Internships And "Adult" Jobs Scare Me To Death

Internships And 'Adult' Jobs Scare Me To Death

Is it just me, or does the next step in the career industry after a 9-5 fast food job terrify to you, too?


First and Foremost

I may sound like I'm either the biggest scaredy cat in the world OR that I'm just a lazy college student who doesn't want to grow up. Either way, I'm kinda both... And I don't think I'm alone. So bear with me as my vulnerability shines through my words.

The transition from arbitrary jobs to career ones is terrifying.

I've worked in the food industry as a cashier/cook at a small restaurant in my hometown. After that, I began working as a lifeguard and swim instructor during summers. Then, I moved on to working as a sales rep at trade shows for a construction company (boring, but paid well).

None of those jobs relate to my career aspirations or what I'm studying in school. I'm now at a point where I need to find a job or internship that suits my goals and skillsets for working in a production industry setting. Although I'm excited about these opportunities and where they may lead me, I'm also extremely scared and nervous about even starting the process to apply.

I feel as if I'm too underqualified and young to be at this stage.

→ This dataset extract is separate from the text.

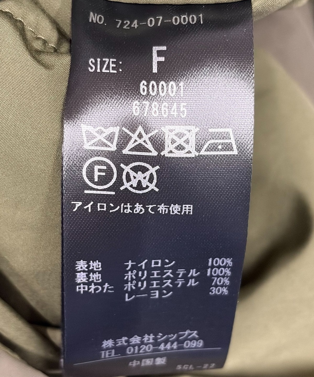 素材:表地: ナイロン100%, 裏地: ポリエステル100%, 中わた: ポリエステル70%, レーヨン30%

Since I've never worked in an upper-level position before, how will the transition be for me? It's just like starting my first job all over again, but this time, the stress level is maximized. It's new and it's terrifying, to be honest. I'll be uncomfortable and vulnerable, and have to interact with people much older and maybe wiser than me. Yes, it's easy working a 9-5 job somewhere that only requires common sense duties and tedious, repetitive tasks. But...that sounds so much more secure to me.

No, I'm not saying I want to find a job like that and stick with it forever. I'm saying that I'm scared to leave the jobs in that type of environment. I'm insecure about how well I'm going to succeed in upper-level jobs that will require more talent, expertise, and expectations.

What if the boss or company realize I'm not the candidate they thought I was? What if I can't tailor to their needs because I'm not experienced enough? What if I embarrass myself in front of adults because of my social anxiety? There are so many roadblocks that I see in the way of this transition into the "real world."

Applying to jobs and internships is tiring.

I am probably one of the biggest procrastinators when it comes to this task. It's the worst position to be in because 90 percent of the time, applications have deadlines and due dates for when everything needs to be done. It's also the prime time of applying to these things.

On top of the added time pressure, I feel as if my resume, cover letter, and transcript aren't really the best tools to show what I can do or why I'm the best fit. While that sounds bad, it's how I feel. I feel as if my application will most likely be the one overlooked in every pool of applicants for every job I apply too. There's definitely something wrong with my mindset here, which is why I've taken steps to gain confidence and feel better in this aspect of my life. But we'll get to that later.

All in all, I feel like a puppy amongst adult dogs with their own pups and responsibilities. I feel like a kid among people with families and struggles harder than mine. In essence, I feel like I will never qualify for these jobs because of how I feel about myself. And that's wrong.

Breaking out of a "not good enough" attitude is really difficult.

For me, it's a personal issue. For others, it may be something else that's holding them back. But the mindset of never being good enough for anything, whether it comes down to jobs, relationships, or hobbies, is never helpful.

I want this to shed light on the fact that when it comes to career searching and taking that next big step into the real world, confidence is a key factor. I'm overcoming my lack of confidence by starting my weekly meetings in the career center at my school. I strayed away from it for a while, because I even went so far as to worry if the people there would judge me for how poorly prepared I might be or the bad shape of my resume. But that's exactly what they're there for, to help you with those insecurities.

Although I've only been once so far, it's been a huge step in the right direction. We're in the process of touching up my resume so I can send it out to internships and practicing for when an interview comes up.

The real world is waiting for you and me, no matter how much we may dread it. It comes with uncertainty, but also so many awesome benefits

I can't wait until I'm in my mid-20s (or 30s, who knows?), lounging in my own apartment, fully paid for by my stable income, reminiscing on the time I was a timid college student afraid of what life would hold for me.